English Amiga Board - View Single Post - The Amiga 1000 could of done a game like Wolfenstein in 1985

AndNN · 28 October 2016, 18:23

Sorry about the title - I could not resist

For the the past month or so I've been doing viable tests to see if a game like Wolfenstein is possible on an Amiga with only a 68000 cpu.

I like the idea that it was possible for a game like that to be released in 1985, the year the Amiga 1000 was launched - if it was released in 1985 I like to think it would of been a game changer and the landscape of the PC world today would be different all together. So this discussion will basically use the Amiga 1000 and what it had to offer with upgrades to memory only... This means slow memory at the time did not exist as that was an Amiga 500 only thing. With that in mind the A1000 could have the chip memory expanded from 256k to 512k and up to 8 megs worth of fast. Because slow memory does not exist yet then fast memory use does not have any stigma attached to it and can be exploited to the full.

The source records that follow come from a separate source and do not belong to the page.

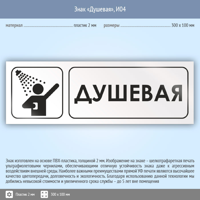 Знак «Душевая», И04 (пластик, 300х100 мм) в Ачинске купить
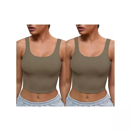 This package includes 2 Packs Camisoles Lingeries; U Neck, Sleeveless, Workout, Slim Fit; Full coverage women sports bra can effectively provide additional support; It is suitable for daily wear, fitness exercise etc; The U back detail not only offers a fashionable touch but also ensures comfort while you exercise; With padded cups providing shape and support, this sports bra cami crop is perfect for various fitness activities.
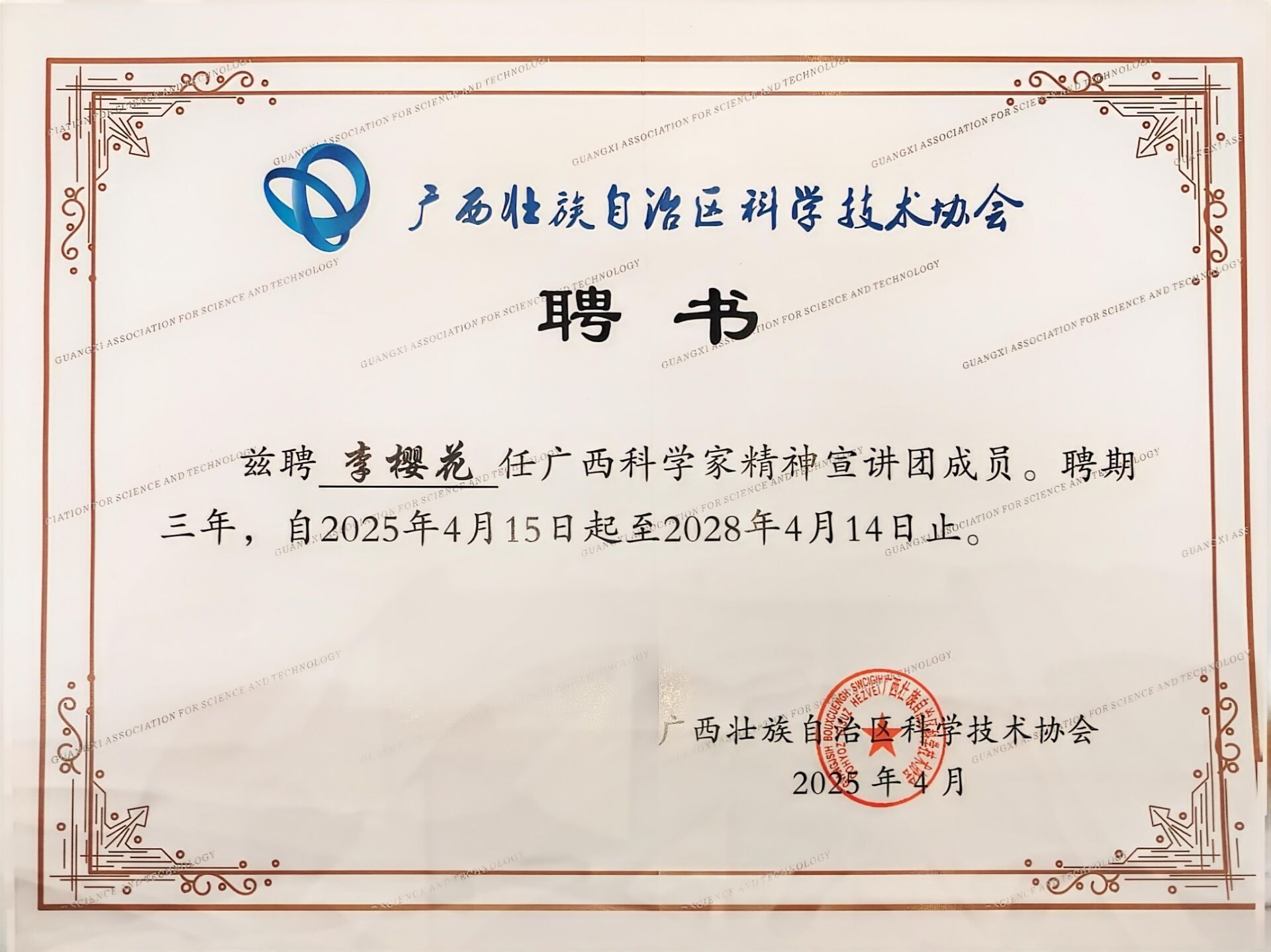 近日,自治区科协公布了第三批广西科学家精神宣讲团成员,best365官网新闻与传播学院团委书记李樱花入选。

The first batches of the Amiga 1000 did not have EHB mode but was later added and users that did not have it could upgrade. With that in mind for the discussion we will use 2 graphics mode at low res - 5 bit-planes and 6 bit-planes (EHB).

Now that the rules are set what have my tests proved that is possible with the most taxing mode which is EHB. We also need 3 frames to process a full screen to get good bandwidth and parallel processing with the blitter.

Here are a list of things that it cannot do.

1. Code can never run from chip memory
2. 1x1 pixels are out of the question - not enough bandwidth.
3. 2x1 pixels. There's bandwidth there but drawing scaled vertical lines and merging for a word write destroys the bandwidth. If every vertical line combination of a 2x1 pixel can be calculated then it is possible. Unfortunately there's not enough memory - not even close to do that - to pre-calculate.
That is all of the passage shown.